“As mulheres devem passar grande parte da vida em casa, cuidando dos filhos e cozinhando. Não podem andar desacompanhadas, devem estudar apenas o necessário, e não trabalhar se forem casadas. Coisas como carreira, dinheiro e poder são atribuições exclusivas do homem.”
Longe de significar um dogma de alguma seita radical, essa era a condição da mulher na sociedade europeia do início do século XIX. Com a eclosão da Primeira Guerra Mundial e com a convocação de todos os homens sadios para o front, mulheres foram “obrigadas” a cuidar das cidades, exercendo trabalhos antes delegados apenas aos homens. Durante a Segunda Grande Guerra, isso foi mais acentuado ainda, com a mulher ocupando inclusive posições nos transportes públicos, nas fábricas de munições e também nos exércitos.
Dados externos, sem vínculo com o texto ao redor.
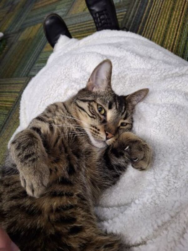 Leo knows the importance of self-care at work, always being sure to take a break when he needs it and reaching out for support (read: under chin scratches) when he's having a tough day."

Finda a guerra, os homens voltaram para ocupar os cargos que exerciam, e uma parte da mão de obra feminina foi desprezada. Aquelas que continuaram trabalhando tinham salários abaixo do dos homens.
Começou a despertar, na mulher, o sentimento dque, “se posso tanto quanto o homem, por que ganhar menos?” Ao mesmo tempo, o desenvolvimento econômico pós-guerra necessitava de mais operários. Foi a partida do movimento que viria a se chamar “feminismo”, ou “movimento feminista”.
Nesse contexto, é particularmente importante o ano de 1951, apenas seis anos após a guerra. Do ponto de vista político, nesse ano houve o fim formal da guerra (determinado pelo presidente americano Truman), a fundação da Comunidade Europeia do Carvão e do Aço (incluindo a Alemanha e a Itália) e a nacionalização do petróleo pelo Irã (expulsando os ingleses).
Nas ciências, foi feita a primeira experiência com circulação extracorpórea e iniciada a produção em série do primeiro computador (UNIVAC). Nas artes, aconteceu a primeira Bienal de São Paulo.
E, enquanto o mundo procurava a nova ordem após a guerra, o movimento feminista passou a tomar mais e mais vulto. As musas do cinema da época, começaram a desfilar de biquíni, num desafio aos costumes da época.
No Brasil, ocorreu o primeiro congresso da Federação das Mulheres do Brasil. Na Argentina, pela primeira vez, ocorreu o voto feminino. Na mesma época, a Organização Mundial do Trabalho determinou que o homem e a mulher deveriam ter igualdade de remuneração no trabalho.
E foi nesse ambiente, convulsionado econômica, política e socialmente, que os pesquisadores americanos John Rock e Gregory Pincus, a senhora Katharine McCormick (herdeira da fortuna da empresa International Harvester) e a enfermeira Margaret Sanger (amiga de Katharine) se encontraram durante um jantar em Nova York. As duas senhoras, feministas de primeira hora, eram altamente favoráveis ao controle de natalidade e ao direito de autodeterminação da mulher. E a sra. McCormic financiou as pesquisas iniciais da pílula.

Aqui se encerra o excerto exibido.